Ёханнес испытующе смотрел на однокурсника, тот удрученно молчал.
— Как далеко ты зашел со своим бывшим учителем, Бутрим? — тихо спросил пан Вайда.
— Далековато, Ёхан. Дальше, чем стоило, — так же тихо проговорил Балтромей.
— А мы тогда, когда он лекции у нас стал читать, его боялись. Чтобы, не дай Господь, не блеснуть умом, чтобы не затащил в свой кружок. Ходили слухи о его магических занятиях, на которых люди исчезают, а кто-то сходит с ума или начинает говорить не своим голосом. Я специально экзамены завалил, — задумчиво промолвил Вайда.
— А я вот блеснул. Из кожи лез, чтобы заметили, допустили к тайным знаниям. — с горькой усмешкой промолвил Лёдник.
— Ну, всем Бог судья, — стряхнул с себя грусть пан Вайда. — Пана Правитуса в свое время из Праги тоже едва не на копьях вынесли, наш городок для него — просто ссылка.
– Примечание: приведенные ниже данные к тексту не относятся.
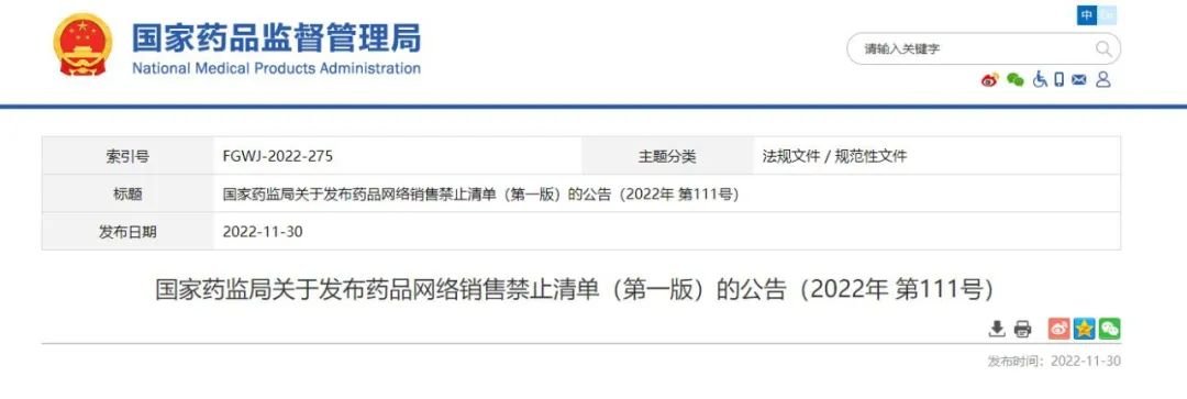 为保障公众用药安全,国家药监局官网近日发布了《药品网络销售禁止清单(第一版)》,自2022年12月1日起施行。

Так или иначе — ближайшее время ты проведешь в моем доме, Бутрим! Места хватает — хватит и твоим спутникам. Заразы же никто не подцепил? Тебя осматривать не стану — сапожнику сапог не шьют.
— И мальчика, что там у шатра ждет, не стоит осматривать, — поспешно промолвил Лёдник. Ёханнес выглянул наружу, смерил взглядом щуплую суетливую фигуру пана Бжестовского, улыбнулся:
— Ты искушенного медика задумал обмануть, Бутрим? Хорошо, если даешь слово, что твой. мальчик не заражен, пусть паненка больше не нервничает. Раздеваться не заставлю. А то вон черевичками дырку в мостовой просверлит. Но обливание раствором принять придется и тебе, и ей.
— Можжевельник, ладан, спирт, чеснок? — принюхался Балтромей. — А почему не окуривание?
— Жидкость считаю более эффективной, чем дым.
— Ты прав, но для меня твой выбор фатален. — с мрачной иронией проговорил Лёдник.
— Почему? — удивился пан Вайда.
— Потому, что если бы ты травы жег, а не заваривал, я бы еще до ворот услышал запах и уж ни в коем случае не пустил бы своих сюда.
Врачи начали неинтересную лекарскую дискуссию. А Прантиш решил, что приключения в Дракощине и на проклятой мельнице — это еще первые снежинки в сравнении с метелью, которую обещает пребывание в Томашове.
Он не ошибся.
Дом доктора Вайды оказался действительно вместительным. Как оказалось, доктор после окончания университета выгодно женился на дочери томашовского войта. Поэтому заполучил двухэтажный каменный дом. Пани докторова была медлительная, белокожая и дородная, едва не вдвое больше мужа. Она ходила в дорогом платье с брабантскими кружевами, ее курносое, немного вытянутое лицо в окружении белейших оборок чепца было таким спокойным, что пани казалась надежным островом среди бурлящего океана. У колен пани сновали двое детишек — мальчик и девочка, третий, совсем маленький, спал на руках няньки, краснощекой матроны, которая также излучала спокойствие и уверенность. Стол ломился от колбас и блинов.